Task statement: For the entries that follow, retype exactly the lines from the one containing "Подсветка MOON Light" to the one containing "Orizaba.- Autoridades y", inclusive, and only those. Images stay out of the copy.
[[ Input records open ]]
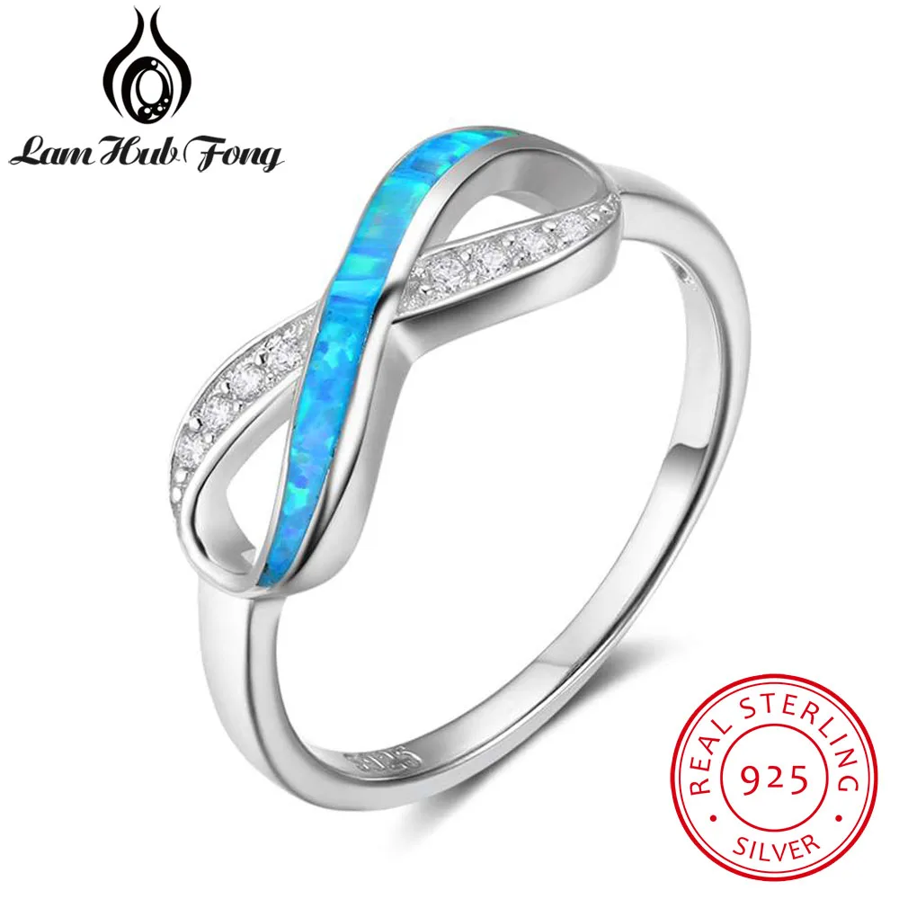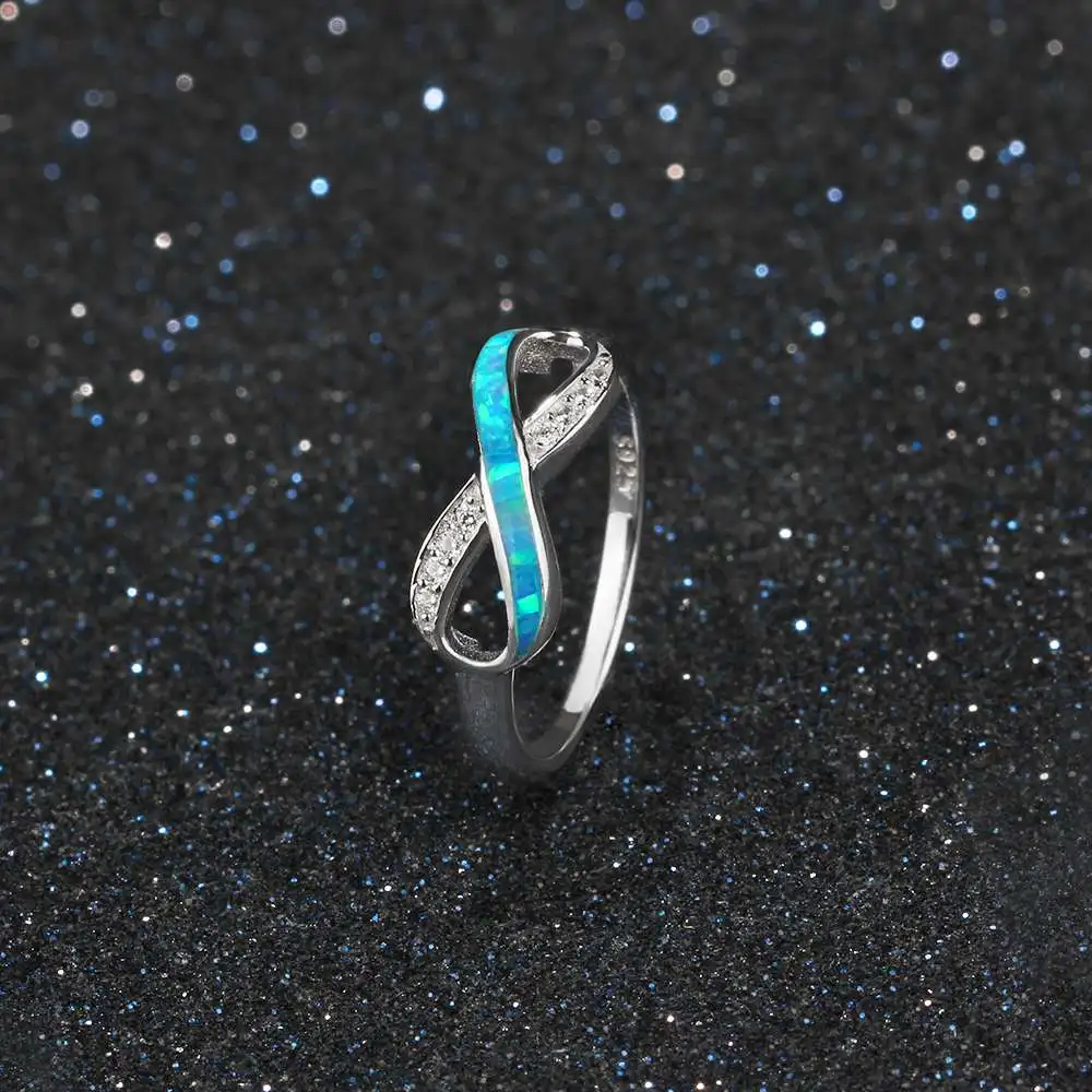 925 Sterling Silver Infinity Ring Blue Fire Opal Rings Stone Zirconia Birthd Gifts for Women Wholesale Statement Anniversary
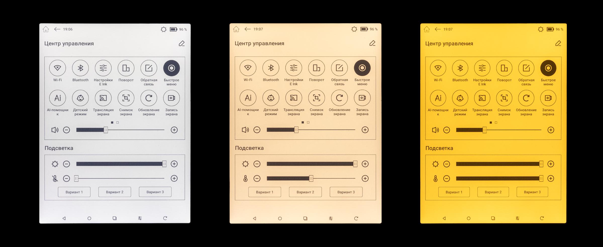 Подсветка MOON Light 2 позволяет регулировать яркость и цветовую температуру, поэтому читать становится комфортно как днём, так и ночью. Максимальной яркости примерно в 300 нитов вполне достаточно для любых вариантов использования, ведь экран почти не бликует, в чём он гораздо лучше дисплеев обычных смартфонов и планшетов. На улице и в хорошо освещённых помещениях всё отлично видно и без подсветки. Минимальная яркость менее 1 нита, а значит даже в полной темноте удастся подобрать оптимальные настройки. Мерцания не наблюдается при любой яркости.
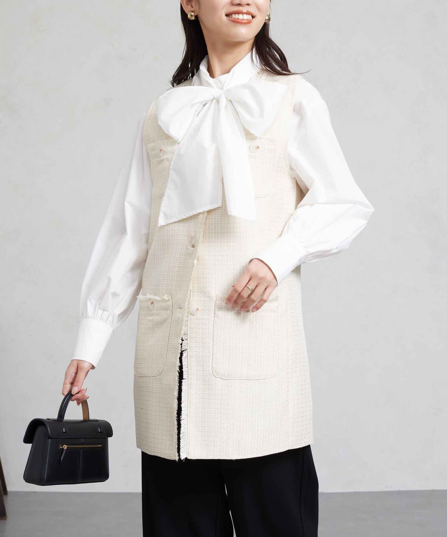 今季注目のボウタイブラウスやㇱアーニットに合わせた
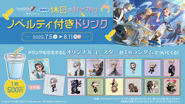 株式会社GENDA GiGO Entertainment(本社:東京都港区 代表取締役社長:二宮 一浩 以下、「当社」)は、非対称対戦型マルチプレイヤーゲーム『Identity V(第五人格)』とタイアップした 第五人格×GiGOキャペーン~休日おでかけ~ を2025年7月5日(土)より開始いたします。
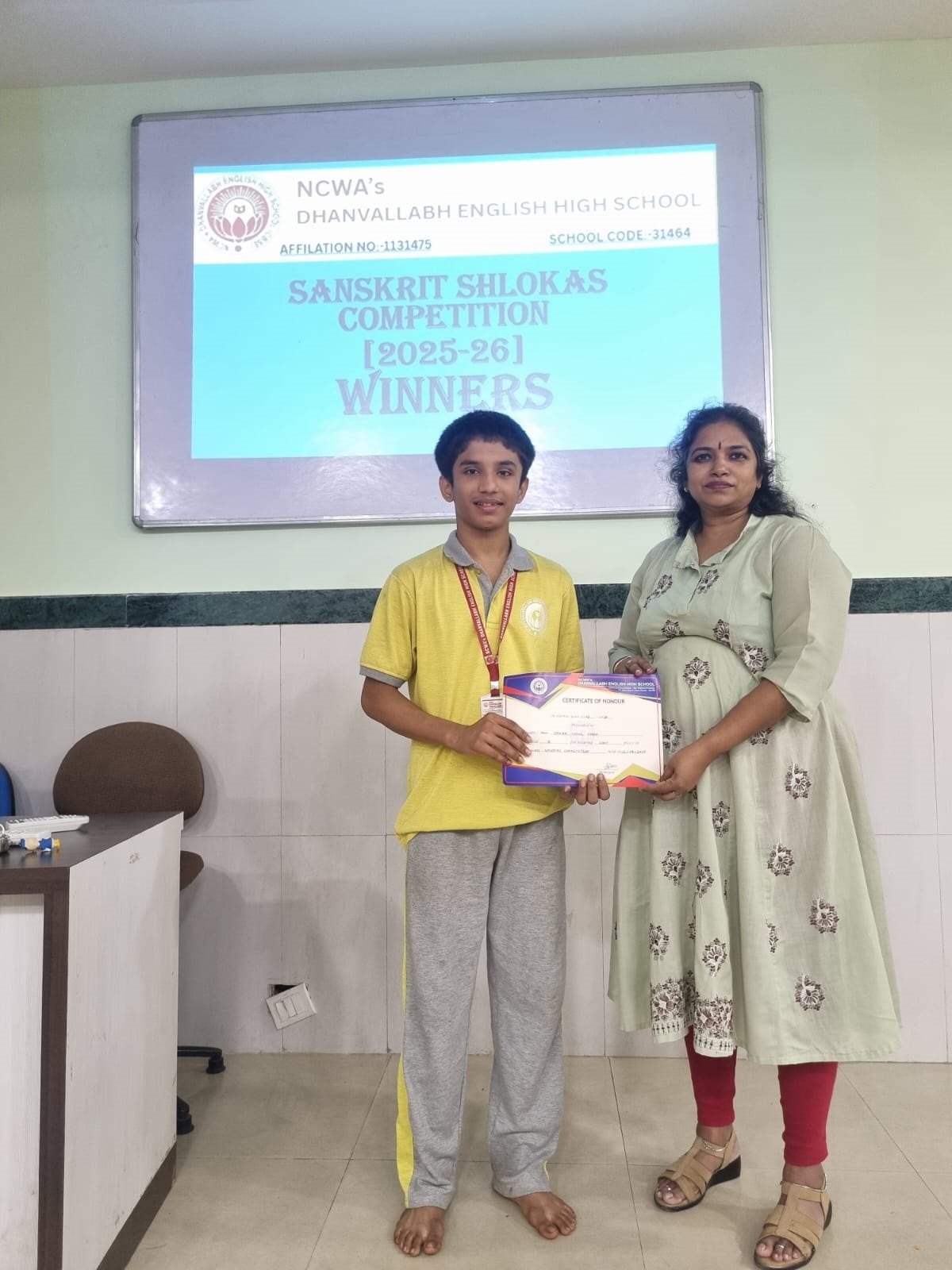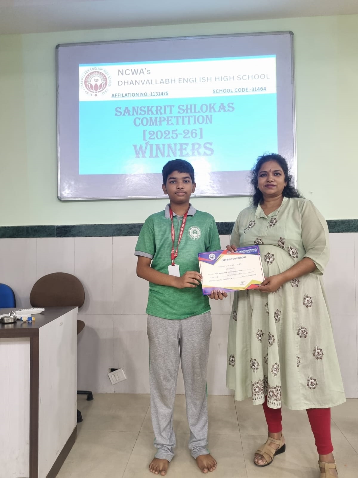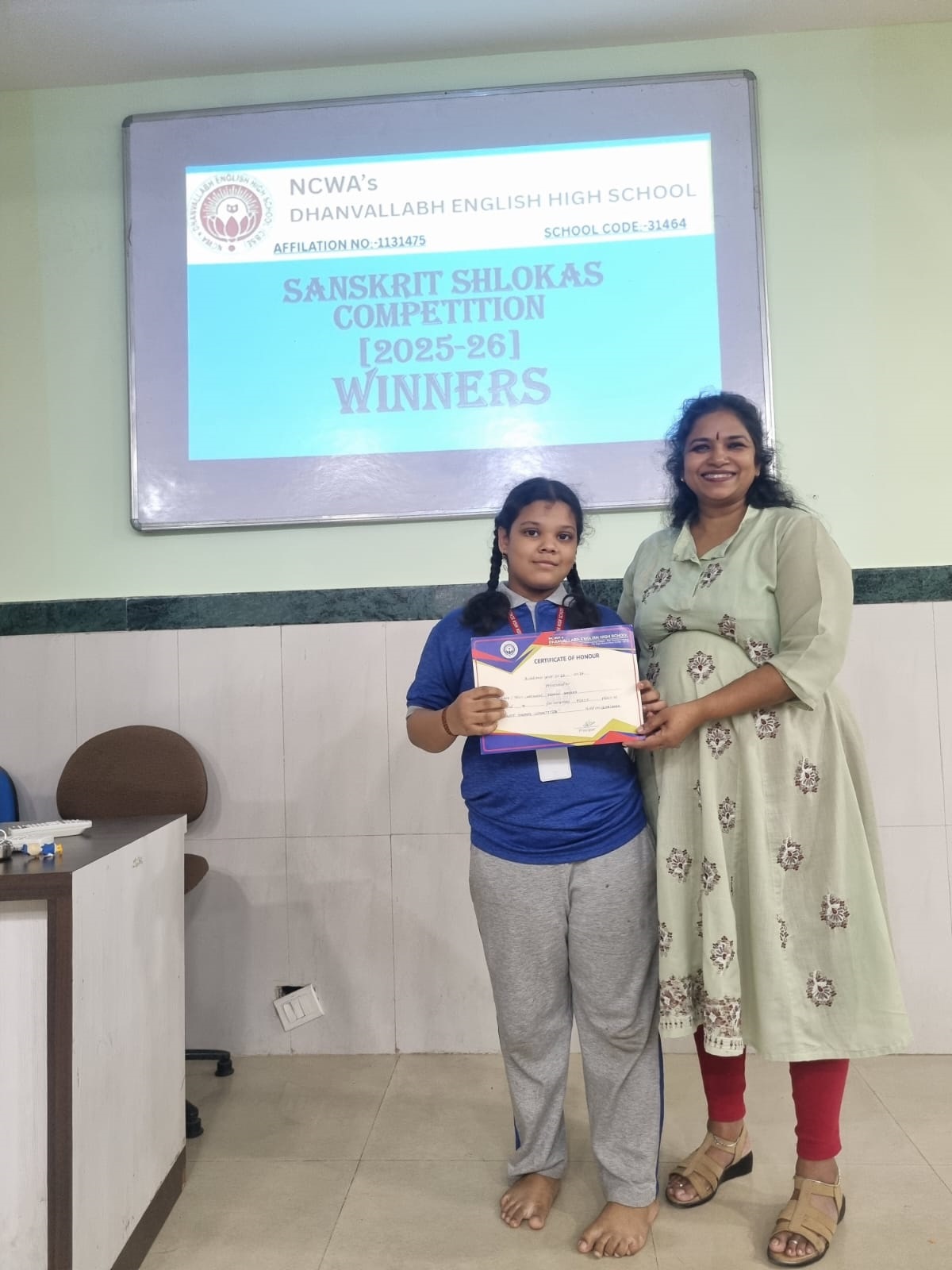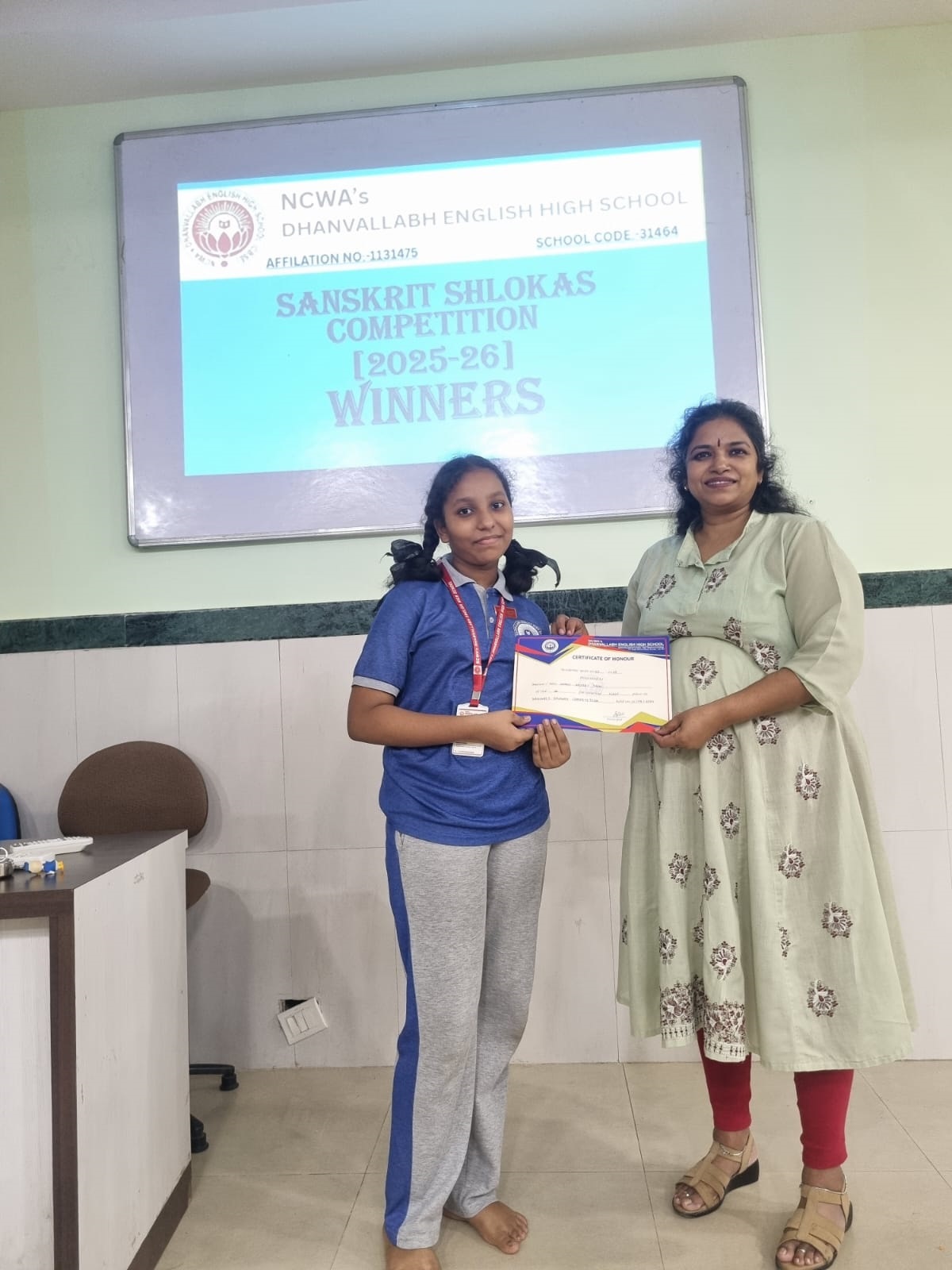 Judges evaluated participants on pronunciation, expression, memorisation and presentation. The winners were felicitated by our Principal Dr. Shyamala Rao, who appreciated the students’ efforts to preserve and promote India’s ancient language.
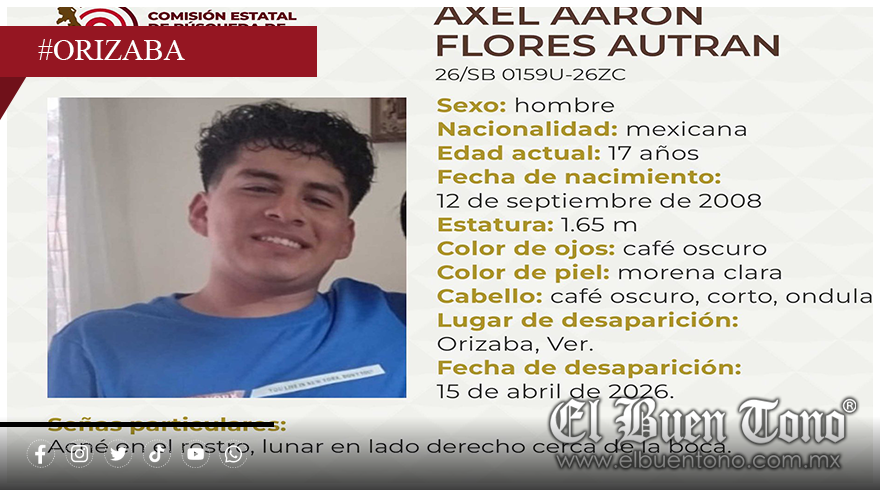 Orizaba.- Autoridades y familiares solicitan el apoyo de la ciudadanía para localizar al adolescente Axel Aaron Flores Autran, de 17 años, quien fue reportado como desaparecido el pasado 15 de abril en el municipio de Orizaba.
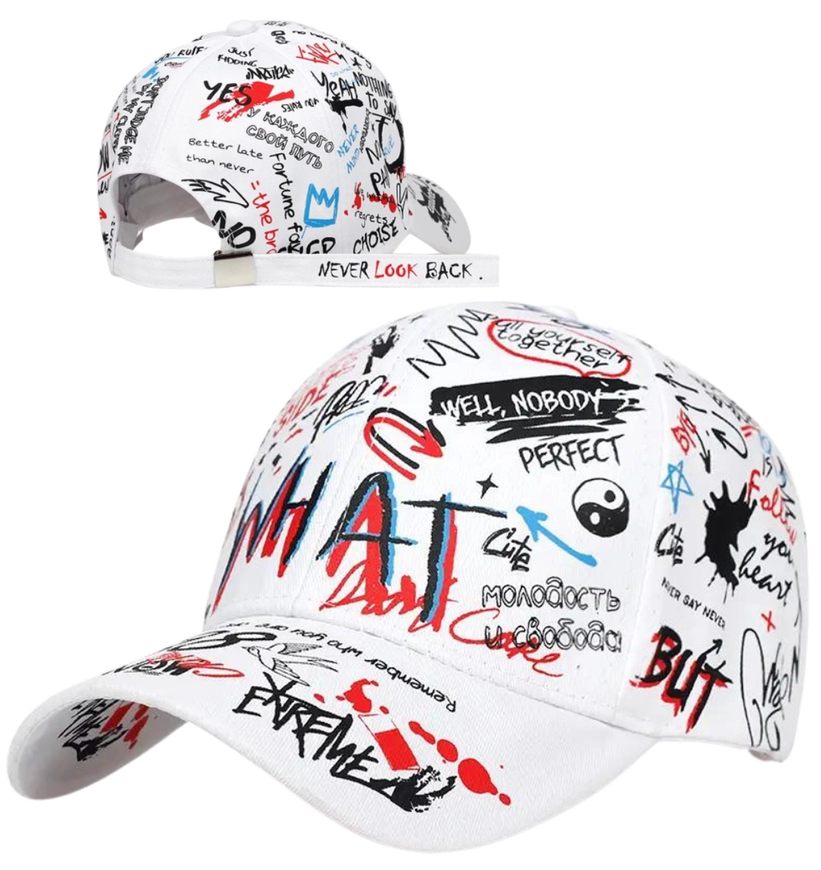 Șapca noastră de baseball Graffiti Slang este alegerea perfectă pentru artiști, creativi, exploratori urbani și toți cei care apreciază originalitatea și doresc ca accesoriile lor să vorbească mai mult decât o mie de cuvinte. Este ideală pentru a completa un look casual, mergând perfect atât cu blugi, cât și cu stiluri mai sportive. Poate fi purtată în fiecare zi, în plimbări, în oraș sau la festivaluri de muzică, adăugând întotdeauna stil și caracter.
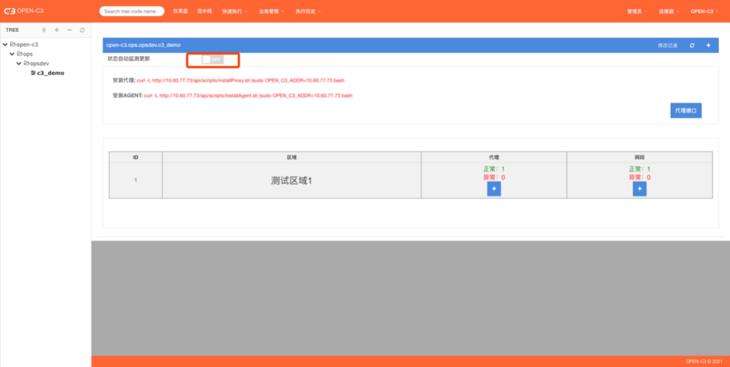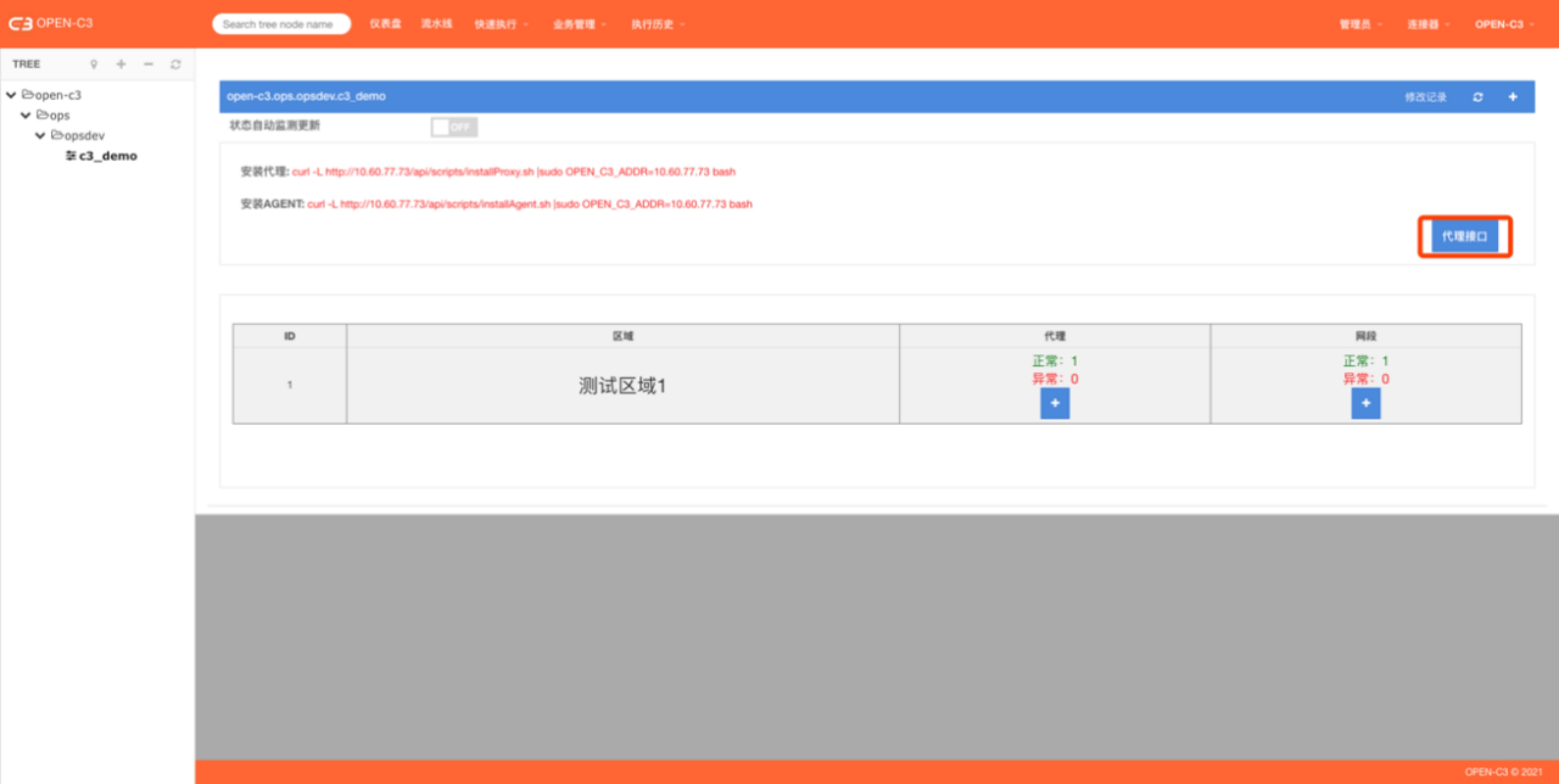 OPEN-C3对于服务器的操作依赖于AGENT。同时为了在隔离网络中进行数据同步和指令调用,需要根据实际需要进行代理的配置。
[[ Input records closed ]]
Task output:
 Подсветка MOON Light 2 позволяет регулировать яркость и цветовую температуру, поэтому читать становится комфортно как днём, так и ночью. Максимальной яркости примерно в 300 нитов вполне достаточно для любых вариантов использования, ведь экран почти не бликует, в чём он гораздо лучше дисплеев обычных смартфонов и планшетов. На улице и в хорошо освещённых помещениях всё отлично видно и без подсветки. Минимальная яркость менее 1 нита, а значит даже в полной темноте удастся подобрать оптимальные настройки. Мерцания не наблюдается при любой яркости.
 今季注目のボウタイブラウスやㇱアーニットに合わせた
 株式会社GENDA GiGO Entertainment(本社:東京都港区 代表取締役社長:二宮 一浩 以下、「当社」)は、非対称対戦型マルチプレイヤーゲーム『Identity V(第五人格)』とタイアップした 第五人格×GiGOキャペーン~休日おでかけ~ を2025年7月5日(土)より開始いたします。
 Judges evaluated participants on pronunciation, expression, memorisation and presentation. The winners were felicitated by our Principal Dr. Shyamala Rao, who appreciated the students’ efforts to preserve and promote India’s ancient language.
 Orizaba.- Autoridades y familiares solicitan el apoyo de la ciudadanía para localizar al adolescente Axel Aaron Flores Autran, de 17 años, quien fue reportado como desaparecido el pasado 15 de abril en el municipio de Orizaba.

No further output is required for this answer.